# Activity:
Restate word for word the entries below, starting at the line with "McLachlan-161, Breton-119. 41mm." and ending at the line with "FGDFGDG Lavelli da". Keep both end lines and omit the pictures.

# Provided data:
○ ○ ○ ○
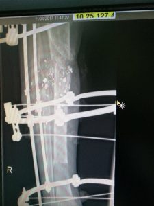 وقد تمت العملية على مرحلتين الأولى تنظيف الجروح وتركيب جهاز ( أليزاروف ) وعمل قص عظمي وتطويل تدريجي لتعويض العظم من نفس الساق، وتضمنت المرحلة الثانية طعم عظمي عند التقاء أطراف العظمتين وقد تمت العملية بنجاح بحمد الله.
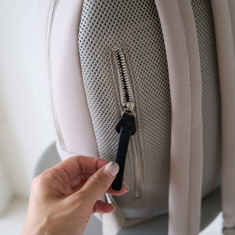 そして一番の優秀なポケットは背中側にある外ポケット。ここからパスケースなど取り出せるので、電車の時などスムーズに通れて便利です。
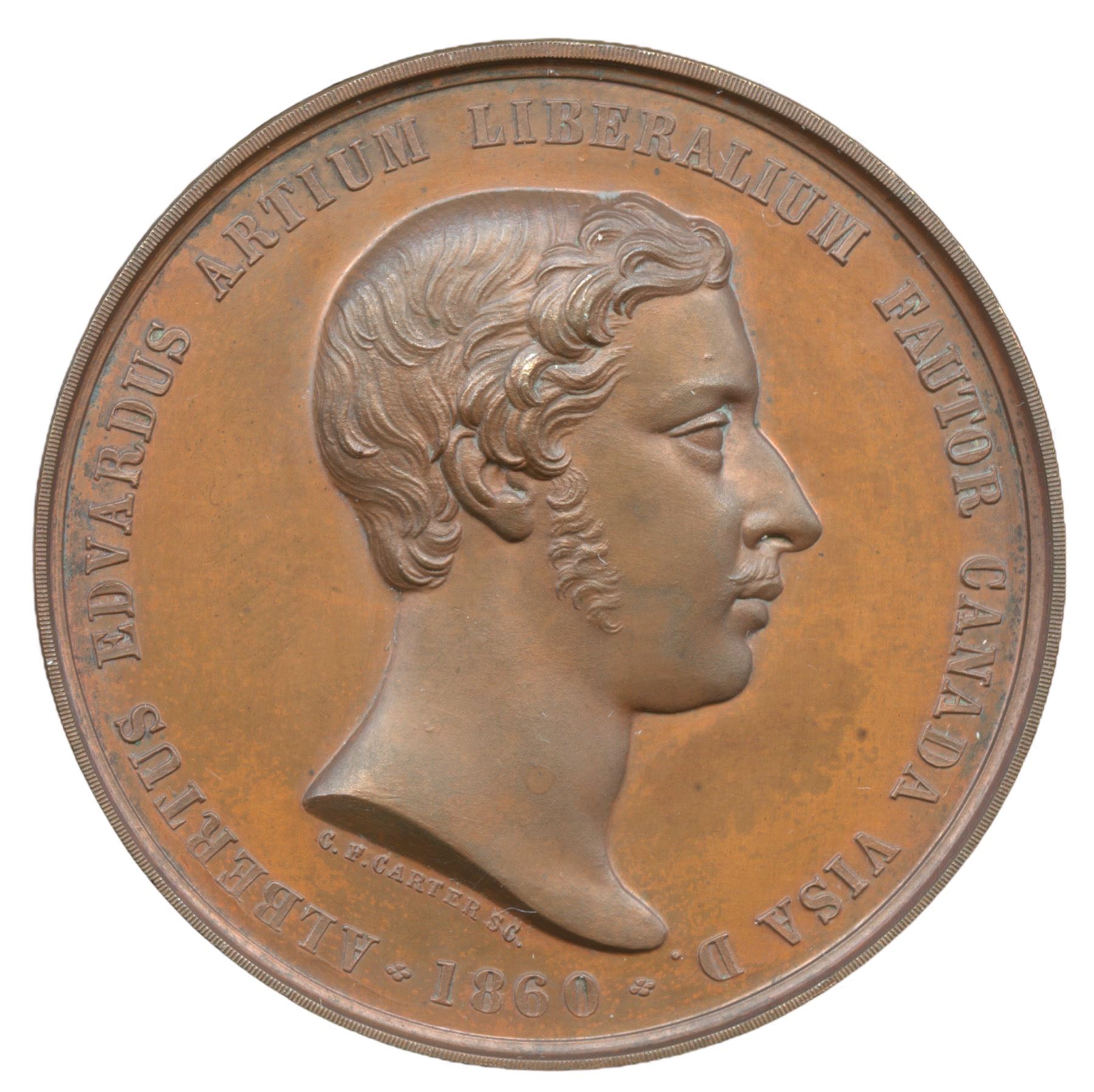 McLachlan-161, Breton-119. 41mm. 27.2g. Plain edge. Signed C.F. CARTER. Carter was a Birmingham medallist who advertised in the Canadian Antiquarian and Numismatic Journal. He was responsible for several McGill University medal designs. The Prince of Wales medal was founded by its namesake through an endowment of £200 during his visit to Canada. It was awarded for “logic and mental and moral philosophy.” This attractive award medal is near-perfectly preserved with iridescent toning over glossy golden-brown surfaces.
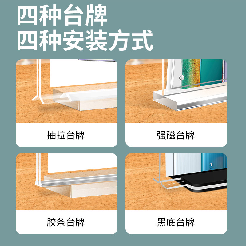 📚 亚克力台牌A4桌牌台卡展示牌A3抽拉强磁台签T型台卡架双面透明广告牌价格牌水牌L型桌面立牌菜单餐牌定制
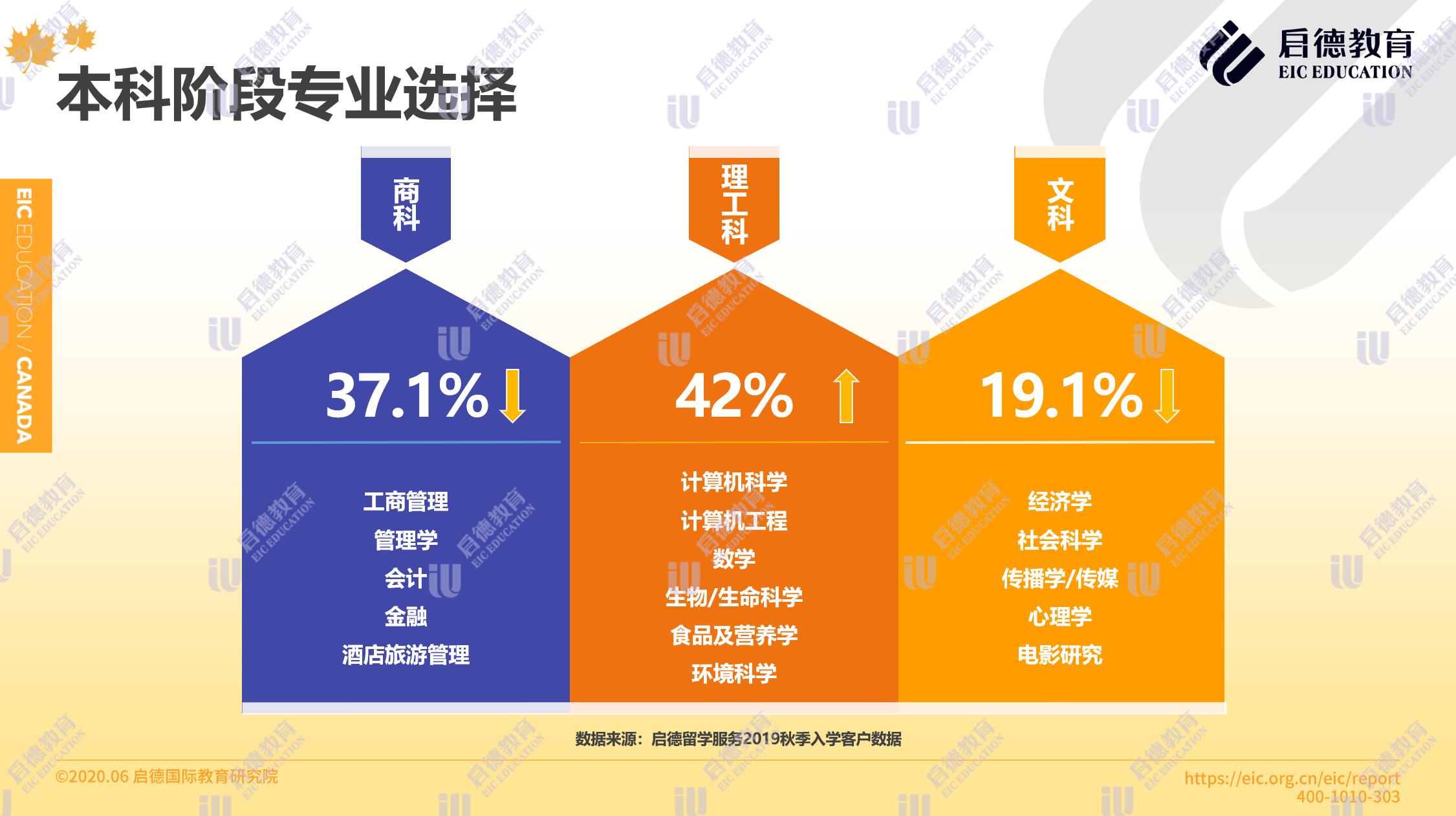啟德留學(xué)服務(wù)2019秋季入學(xué)客戶數(shù)據(jù)顯示,在本科階段專業(yè)選擇理工科占比42%,商科占比37.1 %,文科19.1%,理工科的申請(qǐng)人數(shù)超過(guò)了商科。碩士階段選擇最多的專業(yè)是 MBA、教育學(xué)和計(jì)算機(jī),其他新興的跨學(xué)科專業(yè)包括滑鐵盧大學(xué)的數(shù)字科學(xué)與人工智能碩士,滑鐵盧大學(xué)的 MBET (商業(yè)、創(chuàng)業(yè)和技術(shù)專業(yè)),與麥克馬斯特大學(xué)的 MEEI (工程、創(chuàng)業(yè)與創(chuàng)新專業(yè))。
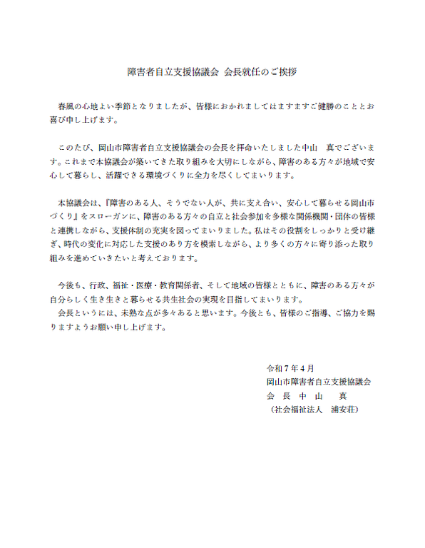 令和7年4月1日付けで、岡山市障害者自立支援協議会の会長および副会長が改選されました。
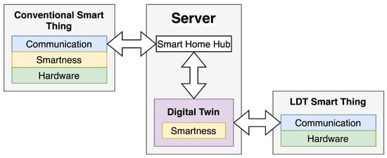 In an LDT architecture, the smartness is implemented in the digital twin and the device implements only basic functions, e.g., light control. Figure 10 summarizes our approach on LDTs. The left side shows a conventional smart thing connected to a smart home hub with smartness implemented in a device itself.
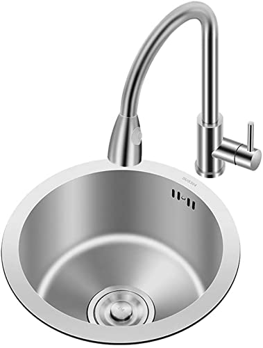 FGDFGDG Lavelli da Cucina Lavandino Rotondo del Bancone Bar Acciaio Inossidabile Lavello da Balcone Rubinetto Estraibile Silver 2021,30cm
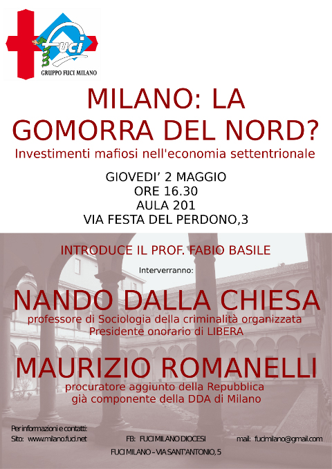 “Milano: la Gomorra del nord?” è il tema dell’incontro organizzato dal Gruppo Fuci di Milano per giovedì 2 maggio, alle 16.30, in via Festa del Perdono 3 (aula 201) a Milano.
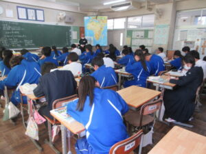 竹取物語の一部を書き写しています。字を丁寧に書く練習です。終わった人は入試問題にチャレンジしています。
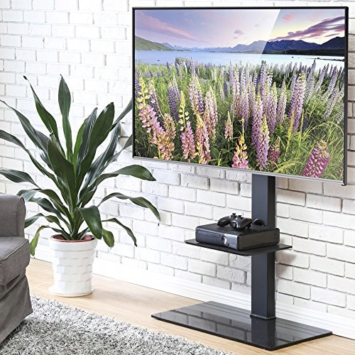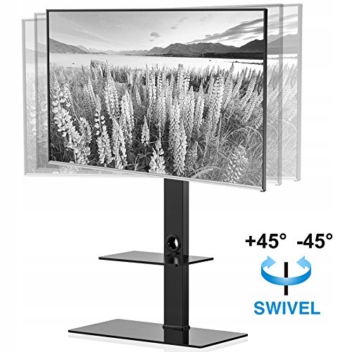 Напольная подставка для телевизора FITUEYES с основанием из закаленного стекла и поворотным кронштейном для больших 50-85-дюймовых ЖК-/LED-телевизоров. Регулируемая полка. Высокие угловые подставки для телевизора для спальни и гостиной. Вместимость до 110 фунтов. Черный.
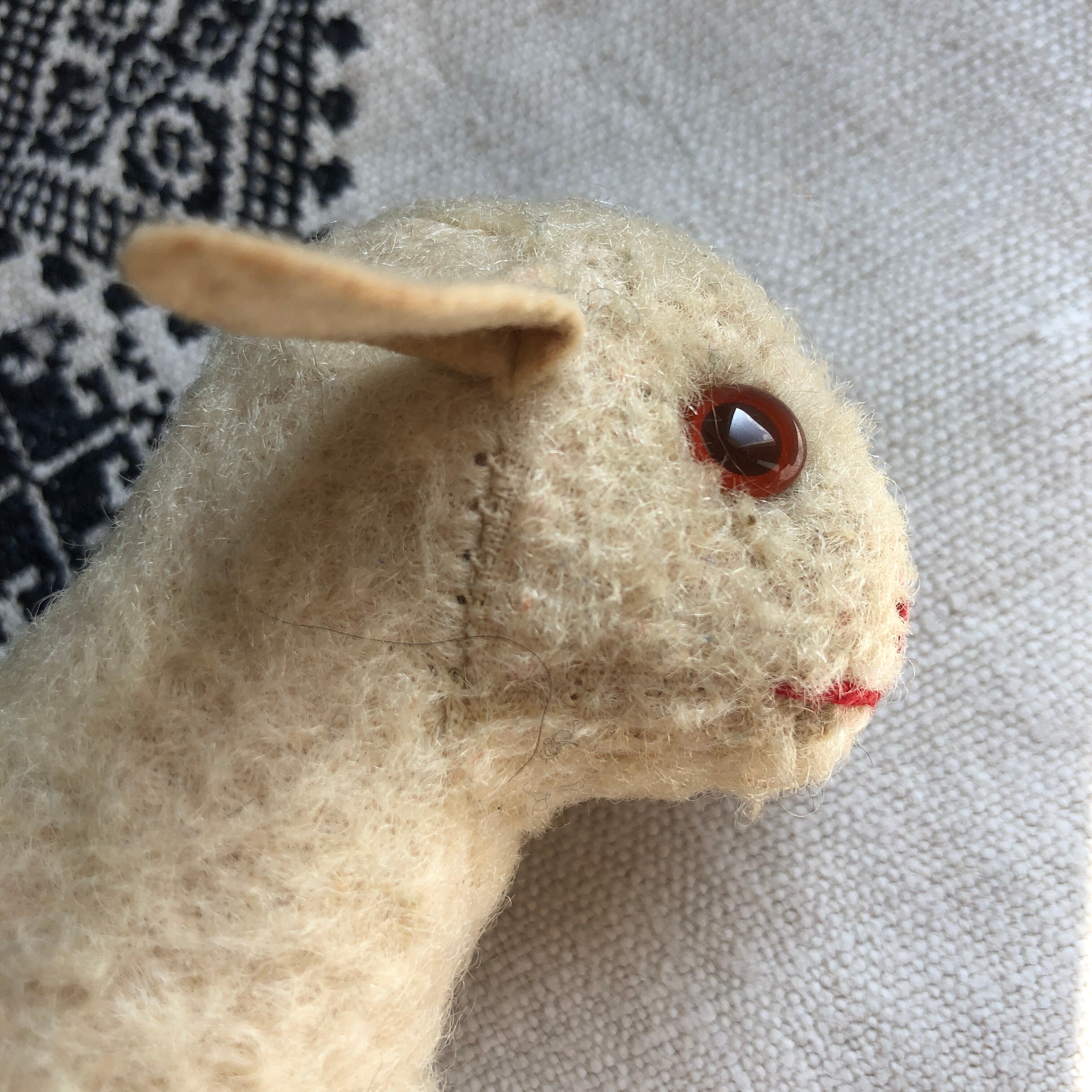 今にも歩き出しそうな華奢な四肢と長いしっぽ、垂れた耳が特徴的です。佇まいがとても美しく、置いておくだけで存在感がありますし、ほかのヴィンテージ品とも合います。
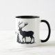 This ceramic coffee mug is shown with a art print of a elk with Yellowstone text.
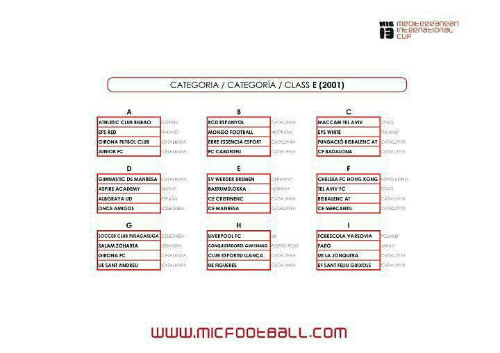 Por su parte, los Conquistadores, que participarán de la categoría Clase del 2001 o U12, están en el grupo H ante el Liverpool FC, CLUB ESPORTIU LLANÇA, y UE Figueres; estos dos últimos son equipos catalanes. En la categoría U12, además del Liverpool FC participan clubes tales como el Athletic Club, RCD Espanyol, Macabbi Tel- Aviv, SV Werder Bremen, entre otros.
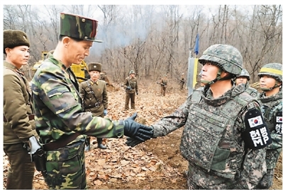 图为日前参与公路修建工作的朝韩军人在军事分界线附近握手致意。
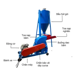 Thành phẩm sau khi băm nghiền sẽ được đưa sang ống nối hút thành phẩm ra ngoài. Máy có thể kết hợp bầu hút gió hỗ trợ thu gom và hạn chế thất thoát thành phẩm sau khi nghiền
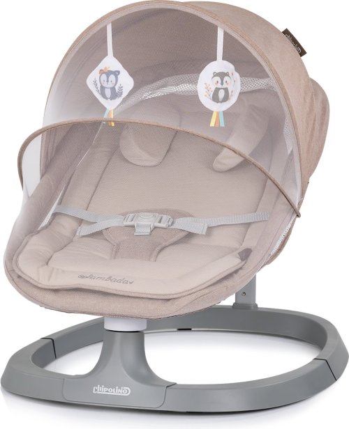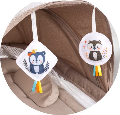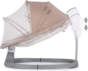 3 různé typy houpání s různými úrovněmi rychlosti, časovač na 15, 30 a 45 minut, různé melodie, poloha vleže a vsedě – vhodné pro spánek, krmení i hraní s dítětem, nastavitelné opěradlo do 2 poloh, rám s LED dotykovým displejem, stříška s měkkými plyšovými hračkami, měkká opěrka hlavy, bezpečnostní pás, moskytiéra, dálkové ovládání, napájení kolébky pomocí AC,DC adaptéru – AC: 100–240 V, 2.0 A (je součástí balení), rozměry výrobku: 80 x 55 x 70 cm.
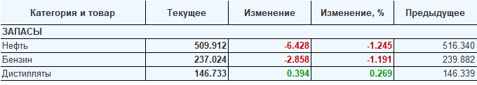 Коммерческие запасы нефти в США упали на -6.428 до 509.912 млн. баррелей. Запасы бензина упали на -2.858 до 237.024 млн. баррелей. Запасы дистиллятов выросли на 0.394 до 146.733 млн. баррелей.
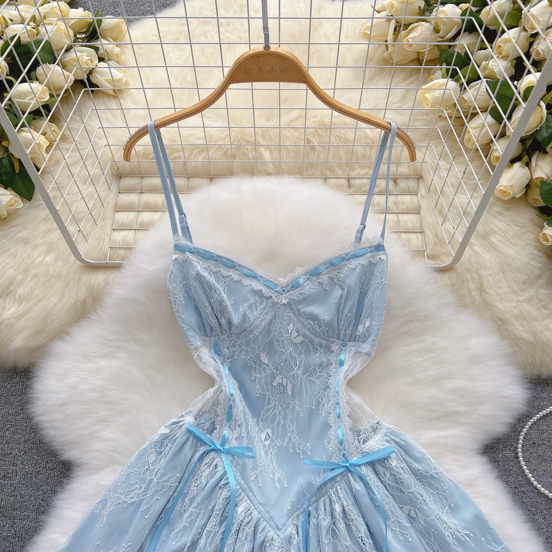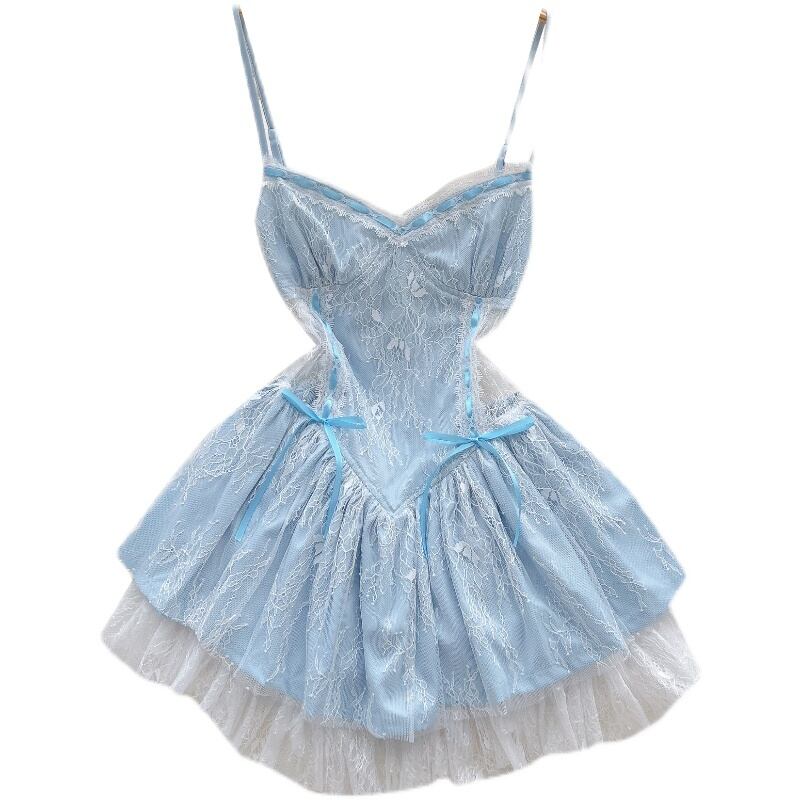 純粋な欲望セクシーなVネックレースサスペンダースカート2022年夏新しいスリムフィット、甘くてスパイシーなスタイル、スーパーフェアリー気質、ショートスカート 大人ガーリー スウィート キュート カジュアル サマー 夏物 lyxaj624414857
○ ○ ○ ○
# Task output:
 McLachlan-161, Breton-119. 41mm. 27.2g. Plain edge. Signed C.F. CARTER. Carter was a Birmingham medallist who advertised in the Canadian Antiquarian and Numismatic Journal. He was responsible for several McGill University medal designs. The Prince of Wales medal was founded by its namesake through an endowment of £200 during his visit to Canada. It was awarded for “logic and mental and moral philosophy.” This attractive award medal is near-perfectly preserved with iridescent toning over glossy golden-brown surfaces.
 📚 亚克力台牌A4桌牌台卡展示牌A3抽拉强磁台签T型台卡架双面透明广告牌价格牌水牌L型桌面立牌菜单餐牌定制
啟德留學(xué)服務(wù)2019秋季入學(xué)客戶數(shù)據(jù)顯示,在本科階段專業(yè)選擇理工科占比42%,商科占比37.1 %,文科19.1%,理工科的申請(qǐng)人數(shù)超過(guò)了商科。碩士階段選擇最多的專業(yè)是 MBA、教育學(xué)和計(jì)算機(jī),其他新興的跨學(xué)科專業(yè)包括滑鐵盧大學(xué)的數(shù)字科學(xué)與人工智能碩士,滑鐵盧大學(xué)的 MBET (商業(yè)、創(chuàng)業(yè)和技術(shù)專業(yè)),與麥克馬斯特大學(xué)的 MEEI (工程、創(chuàng)業(yè)與創(chuàng)新專業(yè))。
 令和7年4月1日付けで、岡山市障害者自立支援協議会の会長および副会長が改選されました。
 In an LDT architecture, the smartness is implemented in the digital twin and the device implements only basic functions, e.g., light control. Figure 10 summarizes our approach on LDTs. The left side shows a conventional smart thing connected to a smart home hub with smartness implemented in a device itself.
 FGDFGDG Lavelli da Cucina Lavandino Rotondo del Bancone Bar Acciaio Inossidabile Lavello da Balcone Rubinetto Estraibile Silver 2021,30cm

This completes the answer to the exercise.